EBONY: Were there scenes in the film that were much more difficult to do than others?

ODUYE: Yeah, but it depended on the day and what I had done that week, so at a certain point I began to feel really raw, as if I wanted to close back up. For me, it was constantly pushing myself because I already knew Dee trusted me and had complete faith in what I could do. I never for a moment felt she doubted or wasn’t sure if I could push myself because I knew she had my back. I pushed myself to go, to go further and deeper with my vulnerability and being open to be able to go into those places that my character in the film had to go.

For example, that last scene in the film with Kim Wayans, who plays my mother, when I tell her that I love her. Things came up unexpectedly, and I was surprised by my reaction during that scene. Dee would hear me out and she was like, “It’s OK. We’ll try it a different way,” and that was sort of the process throughout the shooting.

EBONY: As a side issue, Adepero, I have to ask you what was it like doing that New York Times photo spread and video shoot recently where they had famous actors including George Clooney and Brad Pitt dressed up as famous movie villains and you were Bonnie from Bonnie and Clyde.

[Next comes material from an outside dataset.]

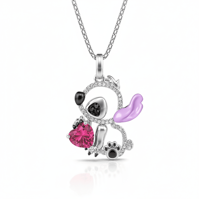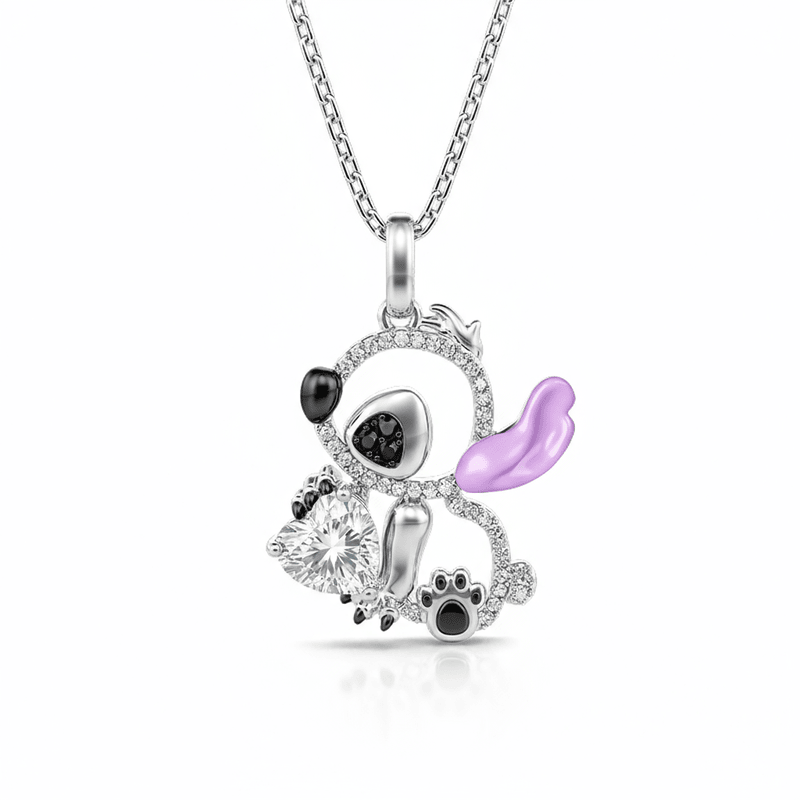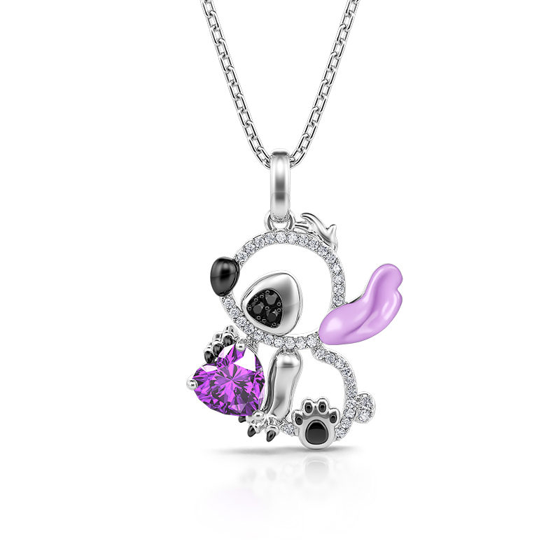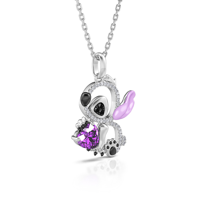 Jeulia Hug Me "Little Monster" Heart Cut Purple Ear Personalized Sterling Silver Necklace

ODUYE: It was so much fun. They asked me if I had any ideas, and I told them either Eve Harrington from All About Eve or [Bonnie from] Bonnie and Clyde. So they liked the Bonnie and Cycle idea, and they told me all about their idea using squibs and I said yes! I love to throw myself into stuff like that, and I love action films. It was so much fun. Fun, fun, fun, fun, fun! [laughs]

EBONY: Finally, I have to ask: How do your parents feel about Pariah?

REES: My parents saw the film for the first time two weeks ago, and they had a 180-degree breakthrough experience. Straight Black Christian parents. They love me, they’re proud of me and they feel everyone needs to see this film. So it shows that through the power of film, people can change.